Provided records:

☆ ☆ ☆ ☆ ☆ ☆ ☆

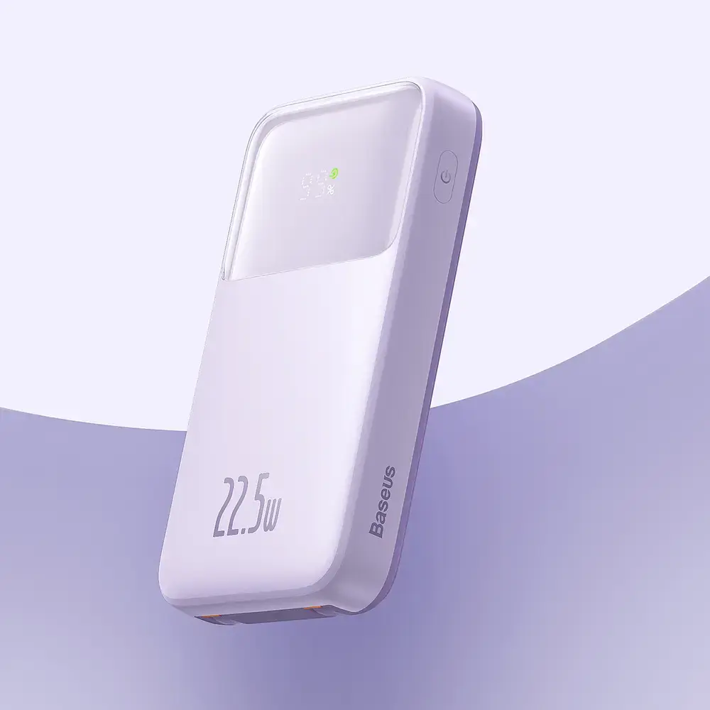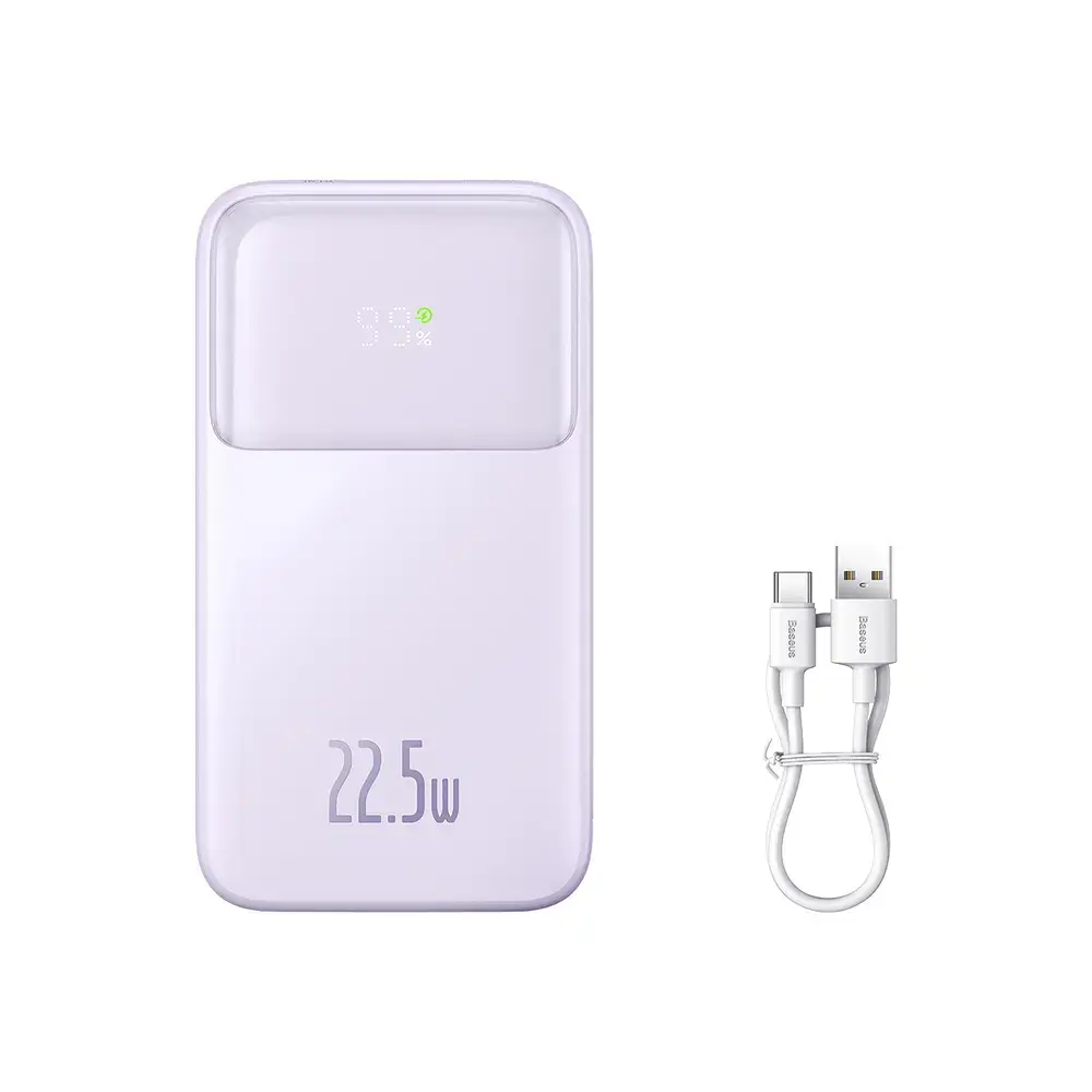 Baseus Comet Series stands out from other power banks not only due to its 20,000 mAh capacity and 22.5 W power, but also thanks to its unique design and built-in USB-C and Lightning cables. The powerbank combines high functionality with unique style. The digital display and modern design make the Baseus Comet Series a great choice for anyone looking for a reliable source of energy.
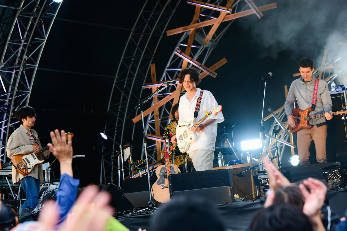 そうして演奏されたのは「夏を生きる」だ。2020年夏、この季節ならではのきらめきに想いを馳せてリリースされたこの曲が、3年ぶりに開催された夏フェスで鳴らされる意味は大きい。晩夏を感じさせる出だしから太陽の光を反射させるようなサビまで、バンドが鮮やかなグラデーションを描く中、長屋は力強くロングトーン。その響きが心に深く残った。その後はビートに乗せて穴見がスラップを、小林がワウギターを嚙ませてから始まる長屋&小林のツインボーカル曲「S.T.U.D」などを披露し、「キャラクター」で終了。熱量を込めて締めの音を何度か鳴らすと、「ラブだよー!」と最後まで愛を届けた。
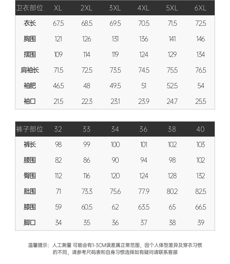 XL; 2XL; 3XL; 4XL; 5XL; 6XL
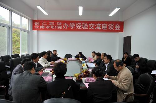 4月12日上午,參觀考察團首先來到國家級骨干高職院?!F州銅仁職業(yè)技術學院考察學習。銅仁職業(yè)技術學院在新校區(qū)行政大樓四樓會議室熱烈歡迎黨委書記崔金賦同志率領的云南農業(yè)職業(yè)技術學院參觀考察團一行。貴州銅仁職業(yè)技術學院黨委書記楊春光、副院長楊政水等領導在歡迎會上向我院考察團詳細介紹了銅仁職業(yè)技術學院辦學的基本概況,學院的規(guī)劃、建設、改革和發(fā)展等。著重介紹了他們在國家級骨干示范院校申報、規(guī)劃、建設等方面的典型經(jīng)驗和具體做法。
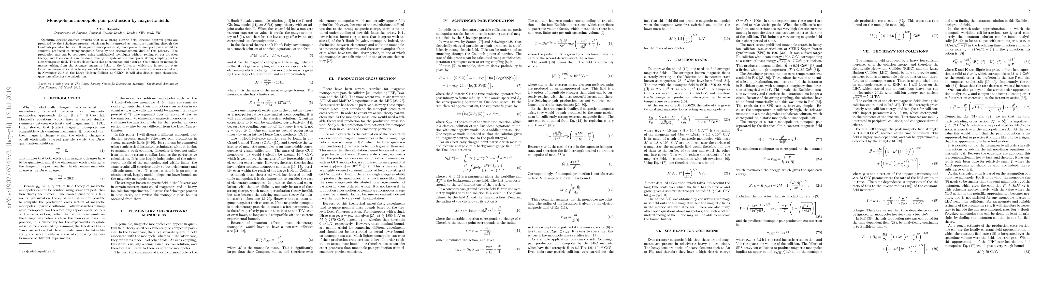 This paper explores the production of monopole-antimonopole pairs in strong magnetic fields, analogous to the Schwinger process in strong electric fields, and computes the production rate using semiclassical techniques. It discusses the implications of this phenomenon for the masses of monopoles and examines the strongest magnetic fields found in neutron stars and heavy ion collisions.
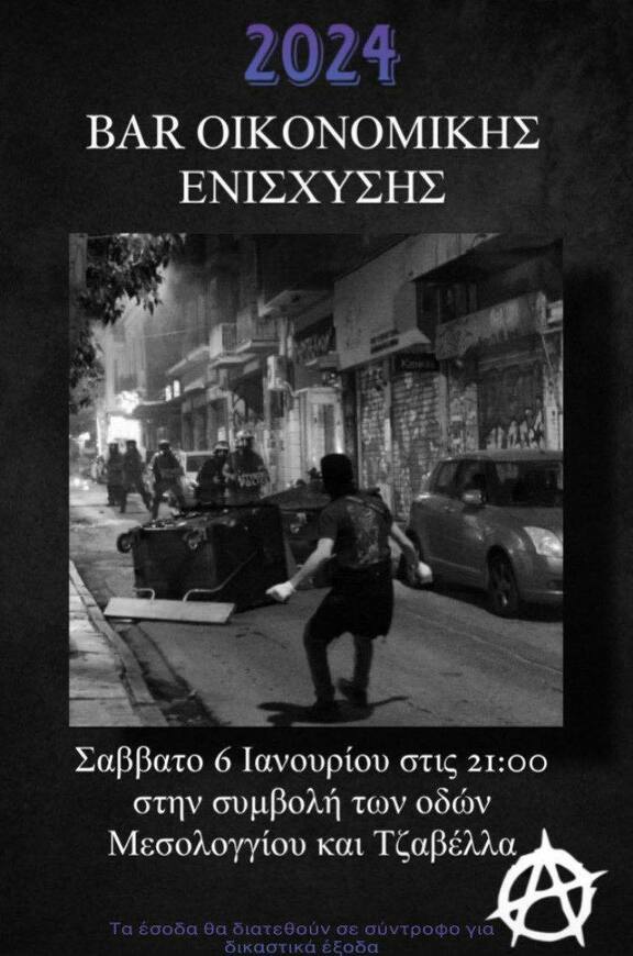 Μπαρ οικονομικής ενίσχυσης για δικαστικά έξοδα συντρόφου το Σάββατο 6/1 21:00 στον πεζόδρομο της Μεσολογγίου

☆ ☆ ☆ ☆ ☆ ☆ ☆

Work to be completed:
Would you copy all the material exactly, dropping the pictures?

Exercise output:
 Baseus Comet Series stands out from other power banks not only due to its 20,000 mAh capacity and 22.5 W power, but also thanks to its unique design and built-in USB-C and Lightning cables. The powerbank combines high functionality with unique style. The digital display and modern design make the Baseus Comet Series a great choice for anyone looking for a reliable source of energy.
 そうして演奏されたのは「夏を生きる」だ。2020年夏、この季節ならではのきらめきに想いを馳せてリリースされたこの曲が、3年ぶりに開催された夏フェスで鳴らされる意味は大きい。晩夏を感じさせる出だしから太陽の光を反射させるようなサビまで、バンドが鮮やかなグラデーションを描く中、長屋は力強くロングトーン。その響きが心に深く残った。その後はビートに乗せて穴見がスラップを、小林がワウギターを嚙ませてから始まる長屋&小林のツインボーカル曲「S.T.U.D」などを披露し、「キャラクター」で終了。熱量を込めて締めの音を何度か鳴らすと、「ラブだよー!」と最後まで愛を届けた。
 XL; 2XL; 3XL; 4XL; 5XL; 6XL
 4月12日上午,參觀考察團首先來到國家級骨干高職院?!F州銅仁職業(yè)技術學院考察學習。銅仁職業(yè)技術學院在新校區(qū)行政大樓四樓會議室熱烈歡迎黨委書記崔金賦同志率領的云南農業(yè)職業(yè)技術學院參觀考察團一行。貴州銅仁職業(yè)技術學院黨委書記楊春光、副院長楊政水等領導在歡迎會上向我院考察團詳細介紹了銅仁職業(yè)技術學院辦學的基本概況,學院的規(guī)劃、建設、改革和發(fā)展等。著重介紹了他們在國家級骨干示范院校申報、規(guī)劃、建設等方面的典型經(jīng)驗和具體做法。
 This paper explores the production of monopole-antimonopole pairs in strong magnetic fields, analogous to the Schwinger process in strong electric fields, and computes the production rate using semiclassical techniques. It discusses the implications of this phenomenon for the masses of monopoles and examines the strongest magnetic fields found in neutron stars and heavy ion collisions.
 Μπαρ οικονομικής ενίσχυσης για δικαστικά έξοδα συντρόφου το Σάββατο 6/1 21:00 στον πεζόδρομο της Μεσολογγίου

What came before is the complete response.